Zweitens ist der Mittelmeerraum strategisch wichtig für den Nahost-Konflikt. So hat denn auch Sarkozy, durchaus erfolgreich, versucht, sich als ‚peace-maker‘ für den Nahen Osten darzustellen. Die gemeinsame Vorfahrt des israelischen Premierminister Olmert zusammen mit dem Palästinenserführer, Mahmud Abbas, war dafür symbolisch und überhaupt ein schönes Bild. Nach Anápolis kann jetzt Europa den Weg für einen Friedensschluss ebnen, sollte es verlauten. Und es stimmt, dass Frankreich hier hervorragende Beziehungen mit den arabischen Ländern einbringen kann. Das syrische Zugehen auf den Libanon auf dem Gipfel war daher durchaus vielversprechend. Der Anstoß der Union für das Mittelmeer fällt daher tatsächlich in einem günstigen Zeitpunkt. Im November sind US-Wahlen, im Januar wird eine neue Administration die Regierung übernehmen. Der Iran-Nuklear-Konflikt wartet dringend auf eine konstruktive Lösung. Beide, die EU wie die USA, sind gefragt. Und den Mittelmeerländern wird dabei immer mehr Bedeutung zukommen. Dass deren Verhältnis zur EU jetzt durch die Union für das Mittelmeer strukturiert wird, kann man daher nur begrüßen.

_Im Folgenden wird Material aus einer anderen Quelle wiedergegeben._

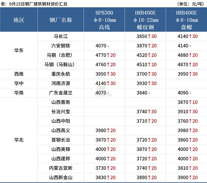 上周五(9月15日),全國累計15家鋼廠發(fā)布調(diào)價信息,其中14家鋼廠漲價,整體調(diào)幅在0-30元/噸。
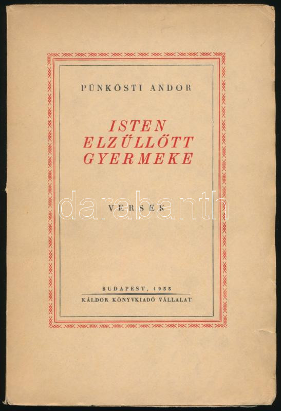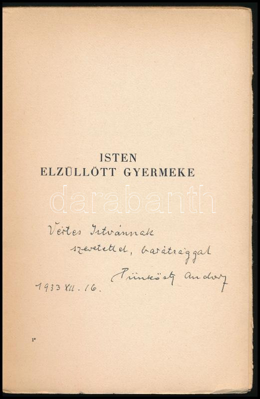 Pünkösti Andor: Isten elzüllött gyermeke. Versek. (DEDIKÁLT). Bp., 1933, Káldor (Globus-ny.), 126 p. Kiadói papírkötés, a borítón kis sérüléssel. A szerző, Pünkösti Andor (1892-1944) író, színikritikus, rendező, színházigazgató által DEDIKÁLT példány.
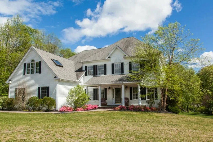 Enjoy country living in the bucolic setting of North Guilford located across from over 800 acres of water company property. Built in 2003 on a corner lot in a small subdivision this home offers over 3700 sq ft of living space with an additional 1100 sq ft in the finished walk out basement. The front covered blue stone entry welcomes you to the first floor which features a large eat-in kitchen, laundry room, large living room with fireplace, dining room, den, and office. Located just off of he kitchen is an elevated deck overlooking the level yard. Once you walk up to the second floor you are in the 15x25 family room with two bedrooms off to one side. On the opposite side is a study and the large main ensuite with two walk-in closets, full bath and 15x23 office/exercise room. The lower walk-out finished basement consists of three rooms, a full bath and walk out to the lower patio. Located...
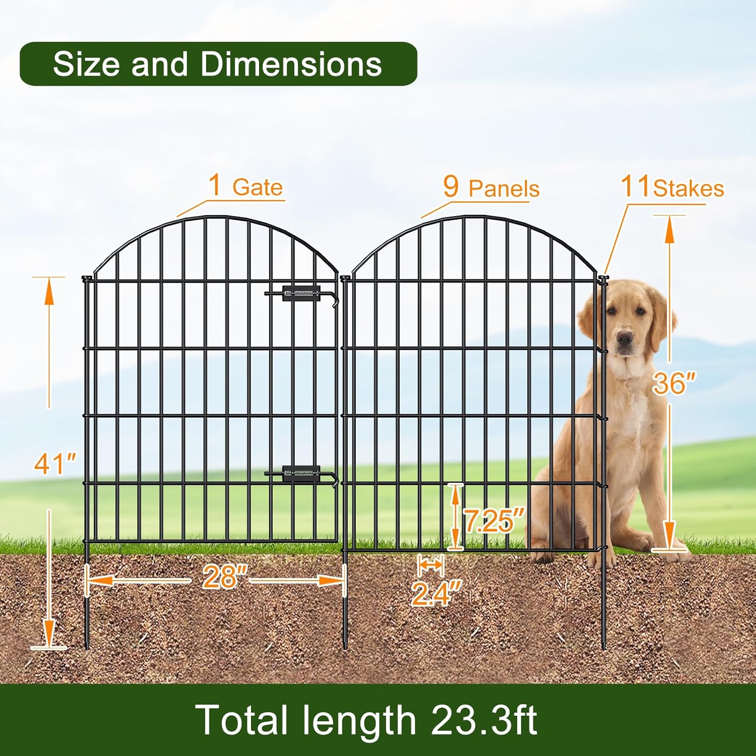 Metal Garden Fence with Gate 36in (H) x 23.3ft (L), 1 Gate+ 9 Panels Dog Fence Border Fence Animal Barrier, No Dig Garden Fencing for Yard Flower Bed Lawn Patio Outdoor, ECG3610, Black

Und es dürfte auch nur ein erster Schritt sein. Wie die Mittelmeerstaaten, so suchen auch die Golf-Staaten die neue Nähe zur EU. Der Nahe Osten ist nicht mehr der Vorhof der USA. Den israelisch-palästinensischen Konflikt werden - wenn überhaupt - nur viele Spieler in der Region, darunter die EU und mit ihr vielleicht die neue Union für das Mittelmeer, zur Beilegung bringen.
Insofern kann man nur hoffen, dass die Gipfelbilder nicht zu schnell verblassen, und die Union für das Mittelmeer bald als neue Wachstumsregion mit einer starken Anbindung an Europa dasteht.